The long wait, if you remember, has much to do with the Blanton’s design: There was the dramatic exit in 1999 by its original architects, the award-winning Jacques Herzog and Pierre de Meuron, when UT’s Board of Regents nixed their bold proposal (undulating roof? Next!), followed by the resignation of the dean of the School of Architecture and a campus rally in protest. But for all the time, money, and hotheadedness, the final incarnation of the museum is strikingly unremarkable. Yes, its Texas granite base, epe wood overhangs, and sixteen-foot-deep arcades are lovely, but they’re, well, decidedly traditional. The new Blanton is just a building, not a masterpiece.

And that’s the point: It’s what’s inside that’s worth lingering over. Step within the Blanton’s light-saturated atrium, with its limestone floors and awesomely geometric skylight, and the ordinariness fades away. A wide, seemingly  endless staircase beckons you into a dizzying warren of galleries filled with intelligent groupings of some of the museum’s more than 17,000 works. Two of its strongest collections—modern and contemporary American and Latin American art—are integrated in the groundbreaking “America/Americas,” arranged chronologically in ten (ten!) connecting rooms. Oversize Modernist pieces, like the newly acquired Dawn’s Presence—Two Columns, by Louise Nevelson, fill a gallery half the length of a football field; you’ll find old masters (Peter Paul Rubens’ Study of the Head of a Youth, Paolo Veronese’s The Annunciation) in the superlative Suida-Manning Collection. Works from the museum’s encyclopedic archive of 13,500 prints and drawings hang in intimate twenty-by-twenty-foot galleries.

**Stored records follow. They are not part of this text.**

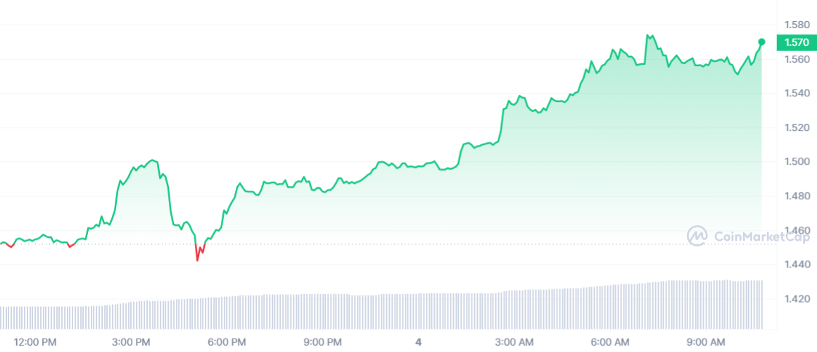 La crypto-monnaie de ThorChain, est en hausse sur les dernières 24 heures. Le cours RUNE a donc gagné 7,70 % et s’échange désormais à un prix de 1,57 $. Une belle performance alors que le marché crypto semble enfin se réveiller.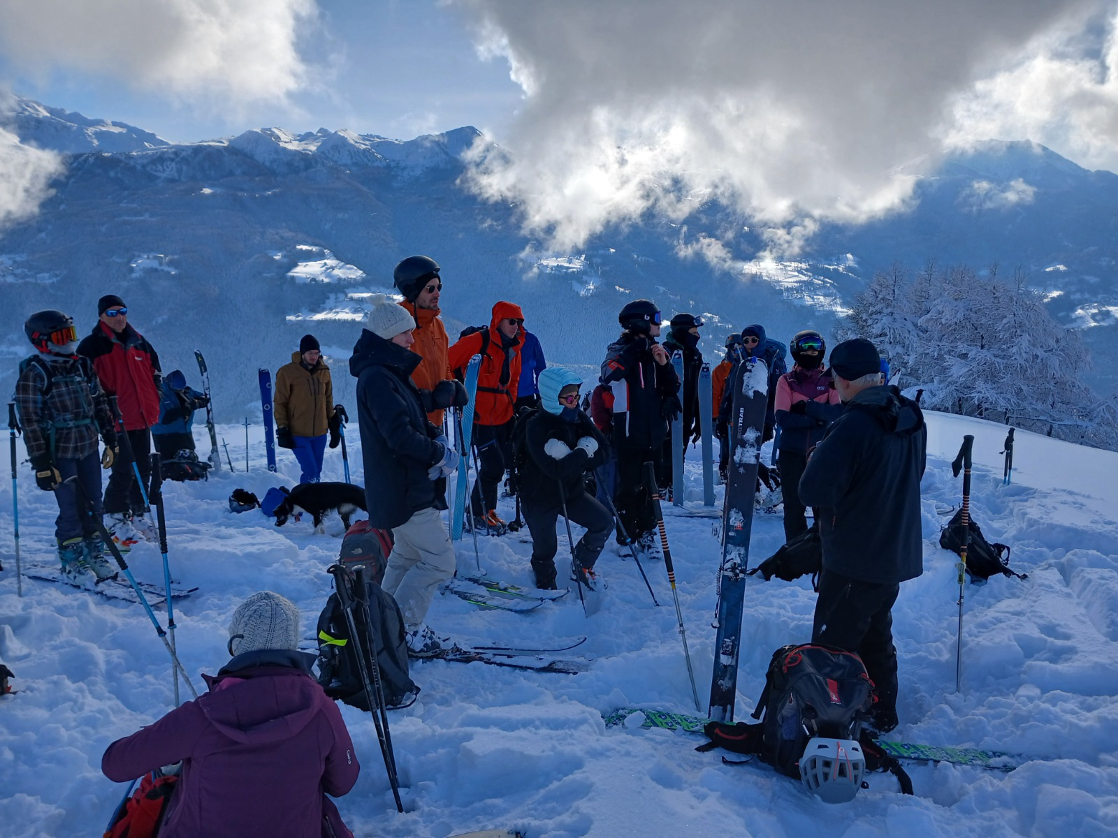 On apprend à laisser de la place et à monter tranquillement ! On dépote et ça file pour la descente, ponctuée de jolies chutes de nos skieurs “débutants”, c’est sûr ça change des pistes en station !!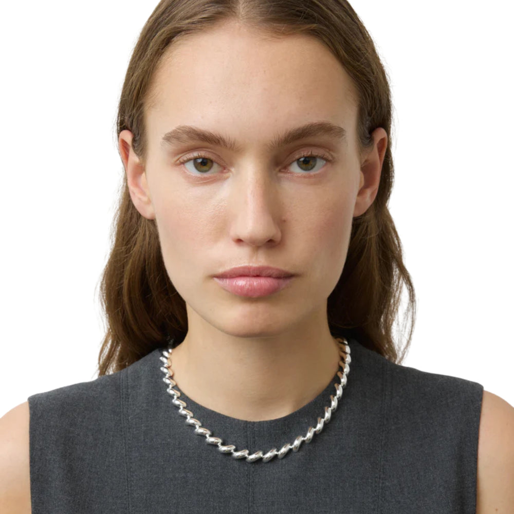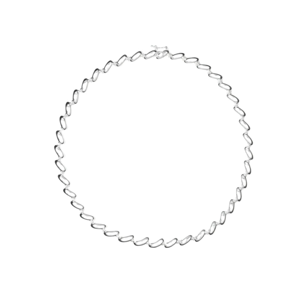 The Edith Necklace is characterized by subtle curve-shaped links crafted from 925 sterling silver-plated brass. The Edith Necklace features a discreet lock and ensures that the necklace beautifully surrounds your neck.
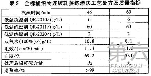 2.2.3 连续式轧蒸法练漂(表5)织物全棉梭织物工艺流程二浸二轧(30℃ ,轧液率90%)一汽蒸(100℃ ×45 min或60 min)一水洗(36。B6烧碱2 g/L,QR 2010 0.5 L.95 oC ×10 min)一排液一水洗(6O oC×20 min)一排液一冷水洗(10 min)一酸处理(98%醋酸调节,pH值6~7)一去氧酶处理一染色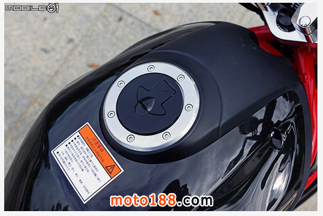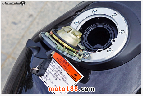 油箱蓋采用免手持設計,加油孔內則因為是全塑鋼油箱緣故,所以看不到以往金屬油箱產生的亮面反光,油箱口與油箱蓋有著互相咬合的氣密橡膠 O 環固定,油氣也比較不容易從此蒸發,下大雨也不用擔心從此處滲水。

Then there’s the spacious temporary exhibition area downstairs; with movable walls, it’ll never feel like the same place twice. One of its first offerings is “New Now Next: The Contemporary Blanton,” a showcase of recent acquisitions that will have culture vultures circling (tip: Block out obnoxious know-it-alls by plugging in to the Uncommon Commentary audio guide). Oh, and the entire building is laptop-friendly, with Wi-Fi Internet access and comfy seats in well-placed “rest stops.” The eLounge, a hip rotunda outfitted with eight flat-screen computers, even boasts a corner-window view of the Capitol.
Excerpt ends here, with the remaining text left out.